Do I suspect correctly that something else needs to be configured first, such as an external datastore as described on the webpage for Link Data Sets ?
This page does list example scripts, but I have to admit however, that I’m not quite sure where to start from, for example, where would I get the “service” from to call tr = service.transaction()

Many thanks again
best wishes
Ulrich

(openbis-py3.10) kerzel@LT20220902A:~/Repositories/openbis/openbis/data1$ obis settings -g get
{
    "collection": {
        "id": null,
        "permId": null
    },
    "config": {
        "allow_only_https": true,
        "fileservice_url": null,
        "git_annex_backend": null,
        "git_annex_hash_as_checksum": true,
        "hostname": "LT20220902A",
        "obis_metadata_folder": null,
        "openbis_token": null,
        "openbis_url": "https://openbis-t.imm.rwth-aachen.de/",
        "session_name": null,
        "user": "ulrichkerzel",
        "verify_certificates": true
    },
    "data_set": {
        "properties": null,
        "type": "UNKNOWN"
    },
    "object": {
        "id": "/ULRICHKERZEL/TEST_0001/TEST_0001_EXP_1/SAMPLE5",
        "permId": null
    },
    "repository": {
        "data_set_id": null,
        "external_dms_id": null,
        "id": null
    }
}

Dear all,
it seems to work now (need to enquire with IT what exactly has changed)

However, that leads me to another question where I don’t quite understand the datamodel it seems.

What is the difference between “path” and “identifier”, e.g. in

PermId:
20230213103629985-73

Identifier:
/ULRICHKERZEL/TEST_0001/UKSAMPLE_001

Path:
/ULRICHKERZEL/TEST_0001/TEST_0001_EXP_1/UKSAMPLE_001

many thanks again
Ulrich

Dear Ulrich,

Happy to hear that it works on your side!
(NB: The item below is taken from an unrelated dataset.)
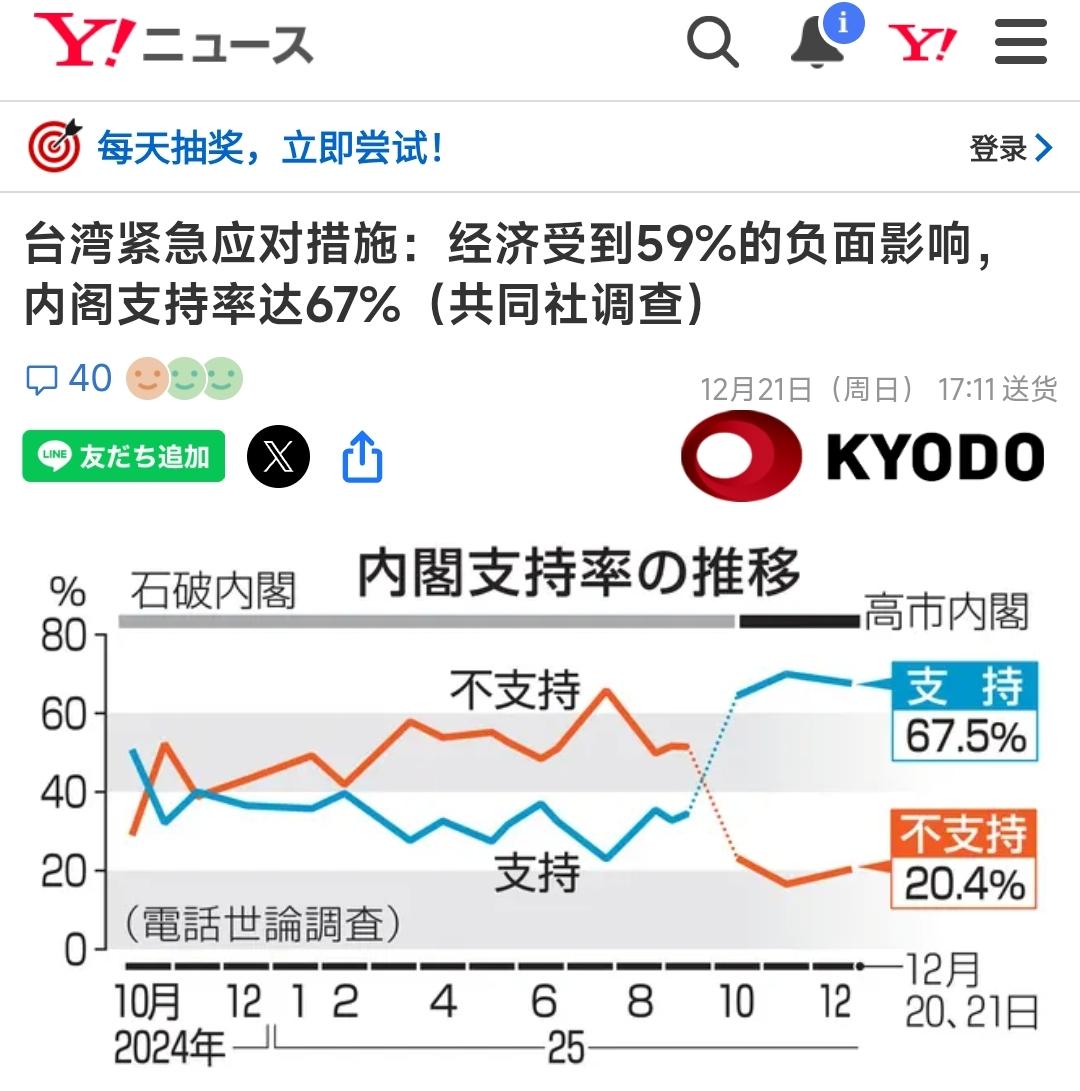 12月21号日本的共同社和每日新闻,同时发布了对高市早苗内阁的民意调查结果,高市

The Identifier is likely an arbitrary ID of the big data link, assigned before commit like in my example, while Path is the path in the remote/non-openbis system.
I will double check in my test system anyway and try to write you more.

If you would like eg test it together or discuss your use case over zoom one day, please let me know via email (Dr. Michal Okoniewski | ETH Zurich)

all the best,
Michal

Dear Michal, Swen,

I’m still continuing to get familiar with the linkedData unsing parts of the code from pyBIS.

I can register a linked dataset, and it shows up in openBIS ELN and I can also retrieve the location of the content copy via ds_0.data[‘linkedData’][‘contentCopies’][0][‘path’], where ds_0 is the first entry in the list of datasets where the object is located: my_datasets = oBis.get_datasets(sample=‘/MATERIALS/EBSDSIM/EBSDSIMMASTER22’)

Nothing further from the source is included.